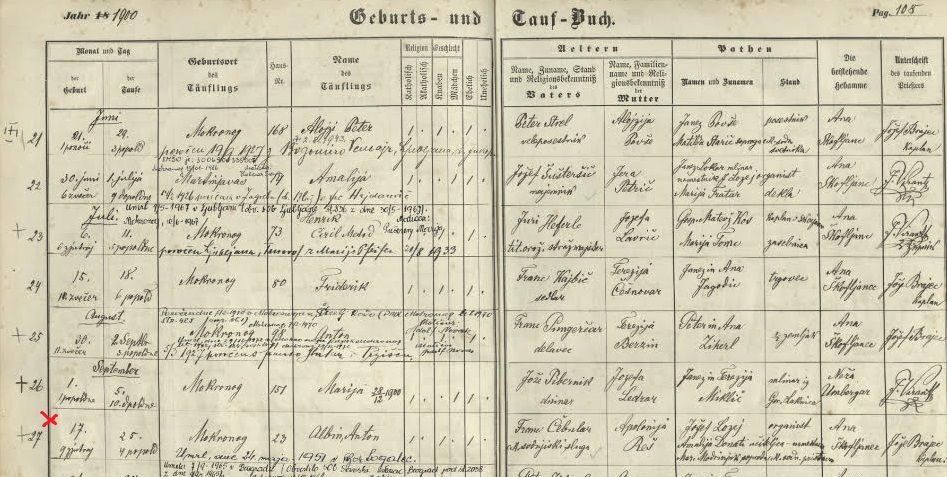 [1] NŠAL, Župnija Mokronog, Krstna knjiga od 1. januarja 1873 do 31. decembra 1913.
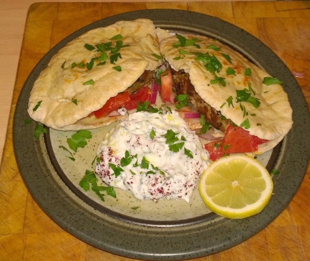 The Pittas were damped with water and the top surface was brushed with some butter before putting in an oven on full to heat up, the result was better than normal and the Pittas did not end up like cardboard! Once cooked, put some of the salad inside the Pitta, add the Köfte then some more salad, add a good helping of Cacik and sprinkle some chopped Parsley over the top, add a slice of Lemon and serve.
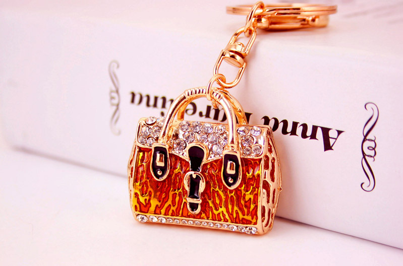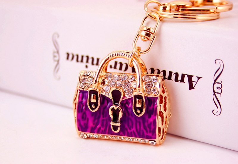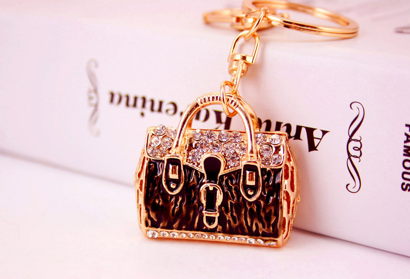 Leopard Print Handbag Shaped Crystal Diamante Rhinestone Bag Charms Handbag Keyrings Pendant
-*-*-
_WORK ITEM_
Where a picture appears in the data, omit it; restate the rest word for word.

_SOLUTION TO THIS PROBLEM_
 [1] NŠAL, Župnija Mokronog, Krstna knjiga od 1. januarja 1873 do 31. decembra 1913.
 The Pittas were damped with water and the top surface was brushed with some butter before putting in an oven on full to heat up, the result was better than normal and the Pittas did not end up like cardboard! Once cooked, put some of the salad inside the Pitta, add the Köfte then some more salad, add a good helping of Cacik and sprinkle some chopped Parsley over the top, add a slice of Lemon and serve.
 Leopard Print Handbag Shaped Crystal Diamante Rhinestone Bag Charms Handbag Keyrings Pendant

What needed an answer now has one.